Replies for: I'd say your biggest issue happened at 'It went very smoothly and we monitored everything for 48 hours and did some load testing before setting off...

All worked. I did load testing from 10 different locations, on 1k to 3k requests per minute. There was nothing to suggest that there would be any regression - in fact, we noticed an improvement.

This may possibly have been because we didn't simulate the massive lightening spike even though we tried. It could be because we didn't have quite the same variety of requests in our test - again, we tried. It could have been because we have extensive caching in there, which could at least in part be the reason why we didn't see total failure.

Ultimately, the thing is that the main issue (APIv1) didn't really manifest itself until 31 October. Why did we not notice anything earlier? There was nothing there to notice. We just didn't have that level of failure earlier in the week.

Again, you're looking at it from the outside - which is always easier. We don't always have the resources to do all the nice things that are written in textbooks. I created this service from the scratch in two weeks, and have since been working on average 16 hours a day to maintain it.

As for being that close to the bleeding edge; there was a reason for it, which I outlined in my response to another comment. This service relies on modern technologies primarily because it is very demanding, and nothing remotely like it has been done in the public sector before. It is the most hit service in the history of UK Government's online services.

Anyhow, I shared this experience in the hope that it will help others. If your take from it is that we didn't do enough, then so be it.

Thanks for sharing your thoughts.

Robert Thorneycroft • Nov 15 '21

Sorry I wasn't trying to belittle your efforts in anyway, it sounds like you've done a miraculous job getting such a large site up and running from scratch at such short notice.

I was trying to offer some advice on how you could improve your procedures to minimise the risks of running into similar issues in the future. I've been working with very large clients including the UK Government offices for many years and I would never consider going from Dev to Production so quickly, even on mature software. This is especially true for software which had only just been released.

I know there is always a lot of pressure from above to deliver everything yesterday, but the same people are usually also the first ones to complain if anything goes wrong. Unless a service is down, I think negotiating more time for testing and QA prior to going to Production could save you a lot of aggravation in the long run. If you are getting pushback to deliver faster, you can use this as an example of what can go wrong. In my experience the UK Government is always concerned about reputational impact of major services being down and I have always been able to negotiate adequate time based on this risk.

I suspect as you mentioned your failure to spot this issue during testing was most likely due to the lack of variety of requests in your tests. Caching obviously plays a significant role in the performance profile of a database so having a large representative test scenario is critical.

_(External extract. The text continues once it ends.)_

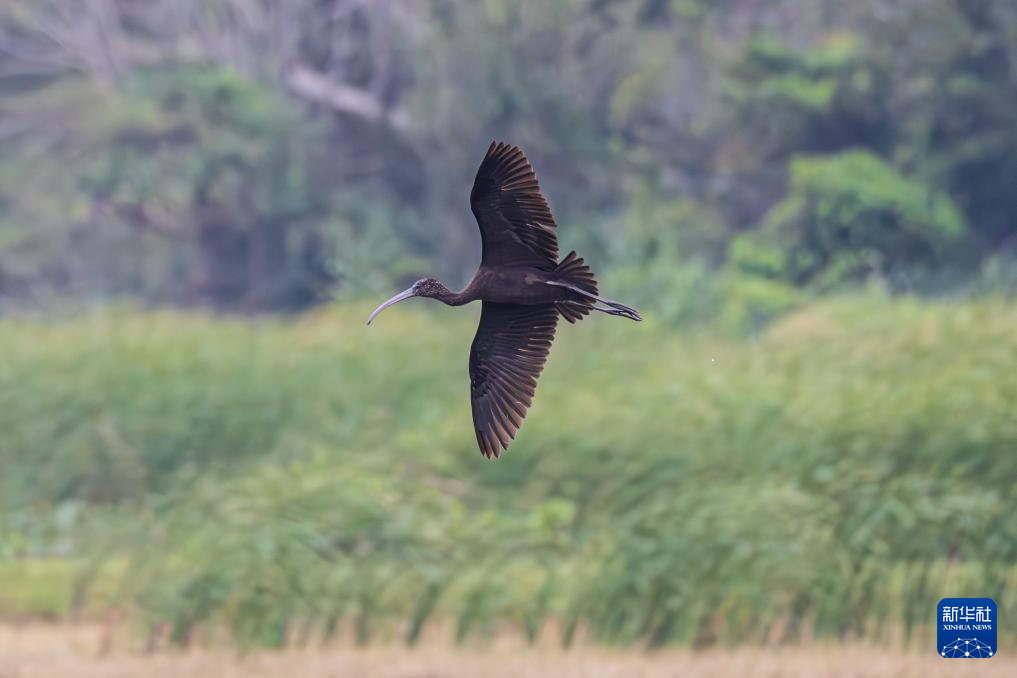近日,一只彩鹮现身海南昌江海尾国家湿地公园。这是自2024年以来,彩鹮连续第二年“打卡”此地。

The article from a technical perspective regarding the analysis of the impact of JIT on the overall response time was very interesting and informative. Thank you for your time to write it all up.

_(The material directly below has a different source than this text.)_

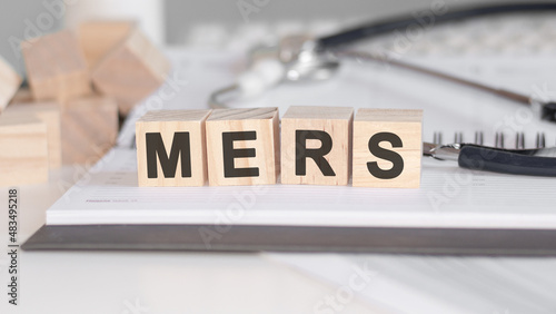 wooden block form the word MERS with stethoscope on the doctor's desktop. medical concept.
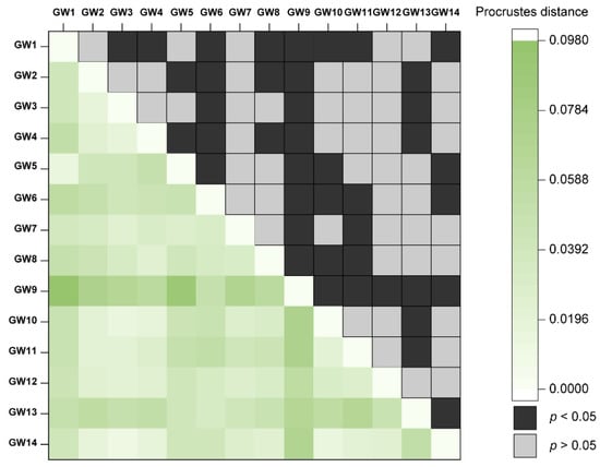 A heatmap showing Procrustes distance among frogs obtained from 14 sub-watershed areas. The green boxes indicate Procrustes distance values. Dark gray colored boxes indicate significant difference of Procrustes distance from CVA between two groups, whereas light gray colored boxes indicate the non-significant difference of Procrustes distance from CVA between two groups.

Pouria Hadjibagheri • Nov 15 '21 • Edited

I don't disagree with you at all. All I'm saying is that there were mitigating circumstances. We had issues that we couldn't resolve in the previous version, so it was a catch-22, and a risk that on balance, I considered to be reasonable. For what it is worth, I stand by my decision to do the upgrade. Despite the issue, we have have significant improvements and we have managed to reduce the running cost quite substantially.

We have million of test cases - literally. But not matter how much we try, there would always be cases that we couldn't anticipate. That's why major services with a whole lot more resource than that which we can imagine break every once in a while.

Unfortunately, things happen, and all we can do is learn from them.

Thank you again.